【気象災害】笑い事で済めばいいけれど
今日6月29日は、埼玉県南部から東京23区を中心に激しい雷雨に見舞われました。今日の雷雲は、ここ数日のものより比較的大型で勢力も強く、降水量が一時間当たり80mmを超えた場所も少なくなかったようです。
そんな中で、Twitterを中心に拡散したのが、この画像。
JR渋谷駅前で、豪雨の最中にマンホールから雨水が間欠泉のように噴出しており、マンホールが「爆発」したというネタとしてリツイートされまくっています。
こんなのもありました。
冠水した道路にできた渦です。この下には水圧でふたが飛んだマンホールが口を開けているわけで、雨が止んだ後に、下水道に向かって水が流れ込んでいる状態です。
このような状態でも、被害らしい被害が無かったは幸いでした。でも、私の知人が行っていた地下のライブハウスでは、ライブ終了直後にエアダクトとエレベーターから雨水が一気に流れ込み、客は滝のようになった階段を上って地上に避難したそうです。これがもしライブ中なら浸水に気づくのが遅れたでしょうし、さらにそこで停電でもしたら、被害が出ずに済んだでしょうか。まさに間一髪の状態であり、このようなケースは他にもあったはずです。
さて画像ですが、マンホールの「爆発」は、いわゆる内水氾濫という状態です。短時間の豪雨が下水道に一気に流れ込み、容量を超えて逆流してしまったのです。渋谷駅前で激しく噴出したのは偶然ではなく、渋谷はその名の通り「谷」が集まっている地形で、渋谷駅付近が一番低い場所なのです。ですから周囲から水流が集中し、水圧が最も高くなったために、画像のように激しく噴出したわけです。今日の豪雨は降雨域が比較的広かったために、より大量の水が集中したのでしょう。
場合によっては、数十kgもあるマンホールのふたが跳ね飛ばされることもあり、それが当たったりしたら無事ではいられません。でも、それより怖いのがもう一枚の画像です。豪雨で冠水するような低い場所では、内水氾濫によってマンホールのふたが外れることが多いのです。
画像は水が引き始めた時なので、マンホールに流れ込む水が渦を巻いています。しかし、それまではマンホールの位置は全くわかりません。夜間や豪雨の最中だったとしたら、尚更です。そこを歩いたり、車で通過したらどうなるでしょうか。特に歩行中に浸水したマンホールに落ち込んだら、すぐに脱出するのはまず不可能です。
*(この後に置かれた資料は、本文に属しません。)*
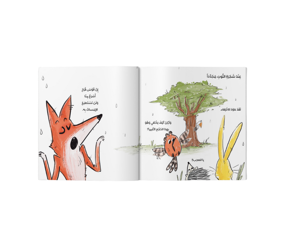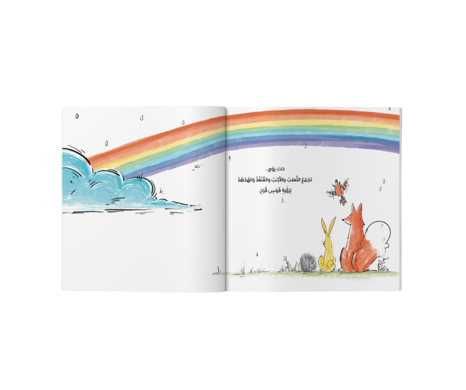 تجمّعت بعض الحيوانات، ترفع رؤوسها بدهشة، تتأمّل ألوان قوس قزح الزاهية
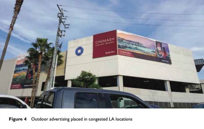 When most people think about casinos and gambling in the United States, they think of Las Vegas. Sin City. A place to drop your inhibitions and imbibe the excitement and vaguely dangerous opportunity to gamble, drink and party. Most assume the biggest, most successful casinos are situated in Las Vegas, but that is not the case. The largest casino in the world resides in Thackerville, Oklahoma, where Native American gaming thrives. In fact, Native American gaming operations dominate the list of the top 10 casinos in the US, and California is home to 2 of the largest—Pechanga Resort & Casino and San Manuel Casino (near Los Angeles (LA))(5). This is big business in terms of both gambling revenues and profits. These giant operations offer Californians the thrill of Las Vegas without the distance. San Manuel’s ubiquitous TV commercials use the tagline ‘All Thrill’ with high-gloss, effect-laden advertising to draw in LA gamblers hoping to win big and party hard. They offer Las Vegas closer to home.
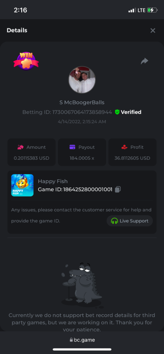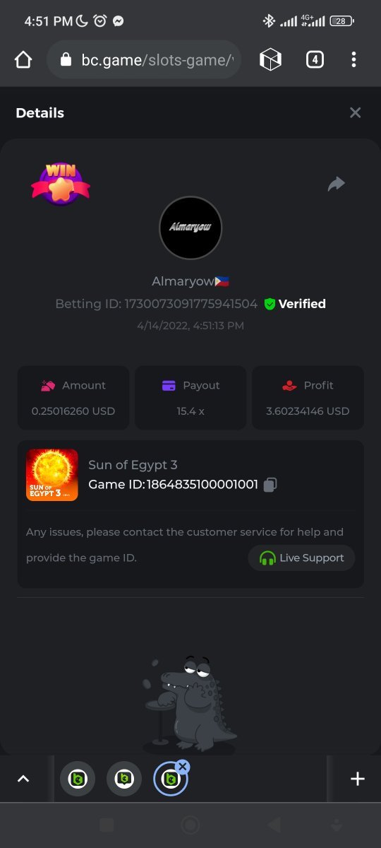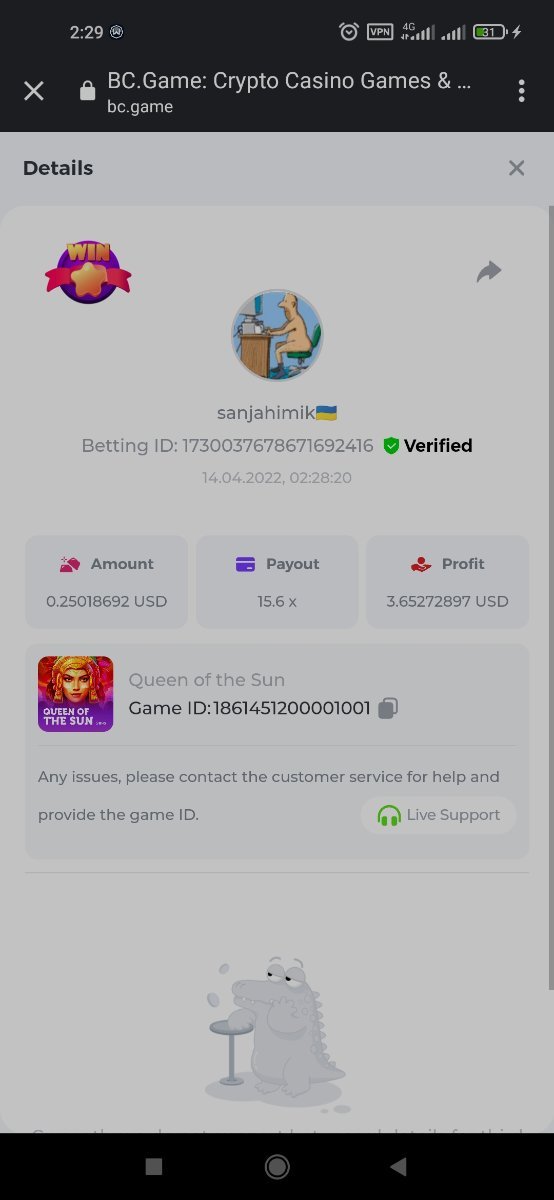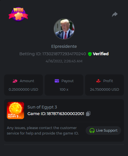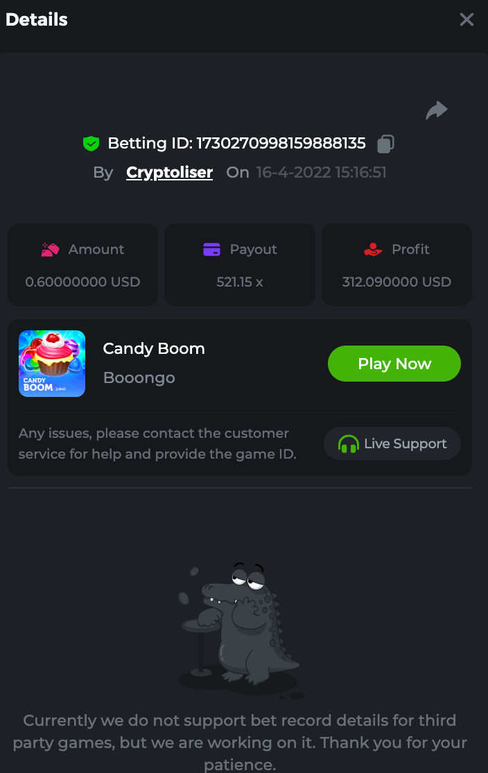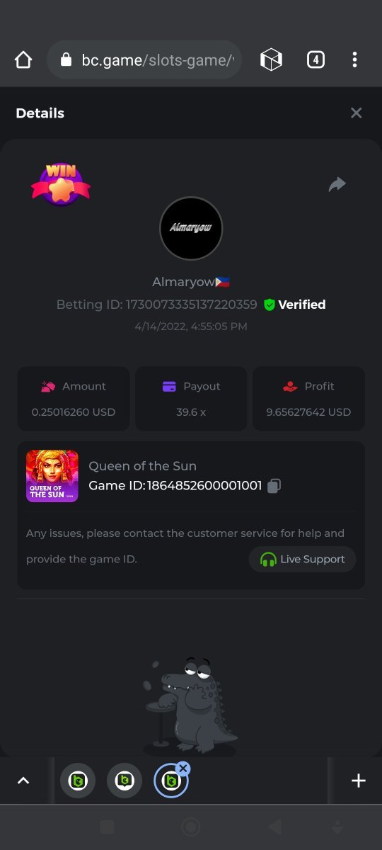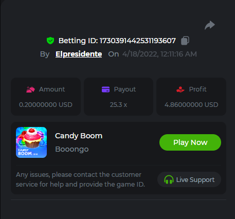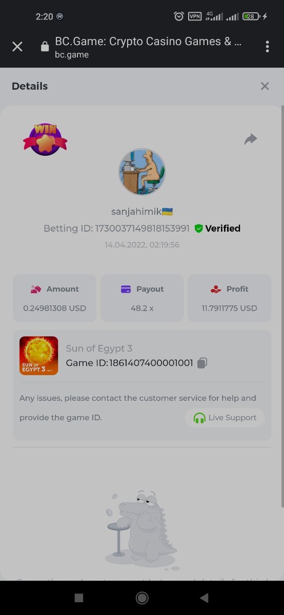 • In the same post, upload a screenshot of your win by clicking the game ID WITH VIEW IN USD mode ENABLED (accessible at the bottom of dropdown menu for your wallet up top, and Submit Reply. Done! This way, we can ensure that your bet indeed met the minimum requirement at the time of placing it:
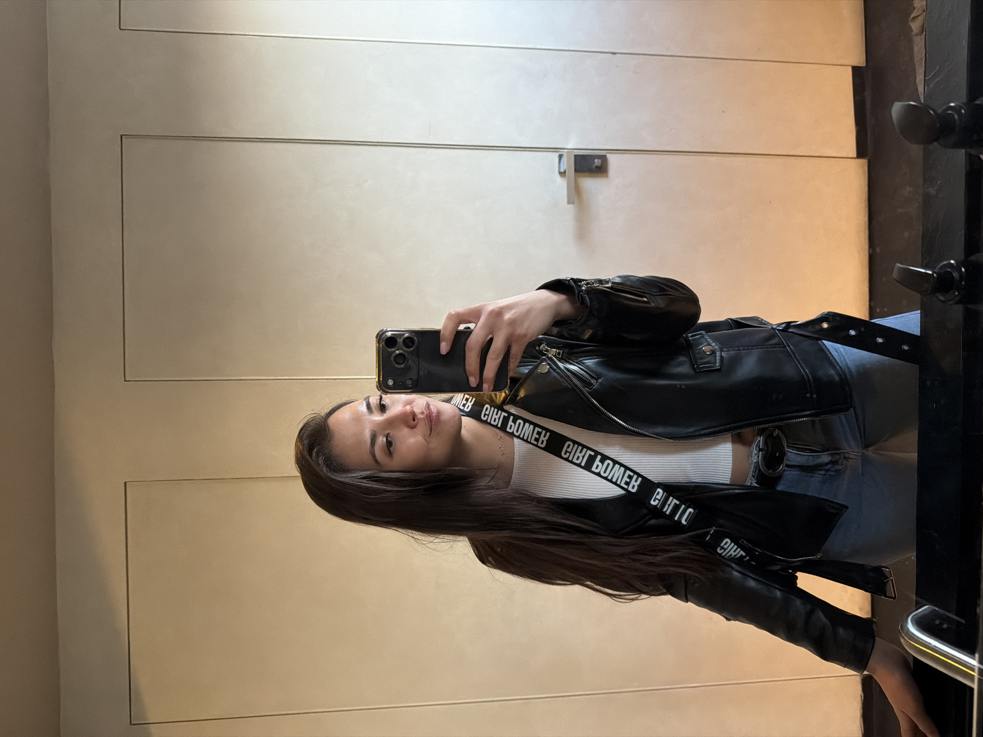 A woman is taking a selfie in front of a bathroom mirror. She has long brown hair and is wearing a black leather jacket, a white top, and blue jeans. She is holding a black smartphone in her right hand, presumably to take the picture. A strap is around her neck with the text "CIHT BOMEH" on it. The background features a beige door with minimalist design. The location cannot be verified as Moscow, Russia.

こんな場所を歩く時には、杖のようなもので足元を確かめながら進まないと、ひとつ間違えれば生死に関わることになります。
このような二次的な危険を知ることももちろん大切なのですが、それ以前に怖れるべきは、このような状態をもたらす過激な気象状況がここ数年当たり前になり、その傾向にさらに拍車がかかっているということです。この先、こんな状態はさらに日常的になり、重大な被害に繋がることも増えて行くでしょう。具体的には豪雨、豪雪、落雷、暴風、竜巻、雹などの発生が増え、被害も確実に増えるということです。
特に都市部では、脆弱性のある部分をピンポイントで突くように、被害が集中するでしょう。地下では、脱出できないほどの濁流に襲われるようなことも起きないとは言えません。
気象災害に関しても、「過去に無かったからこれからも無い」という発想は一切捨て、「何が起きてもおかしくない」という考え方で予防的な安全行動を取っていないと、取り返しのつかないことになるかもしれません。少なくとも、その可能性は年々増大しているのです。
今日辺りはほとんど笑い事で済みましたが、これは近未来に起こるであろう、さらに恐ろしい事態の序章に過ぎないのかもしれません。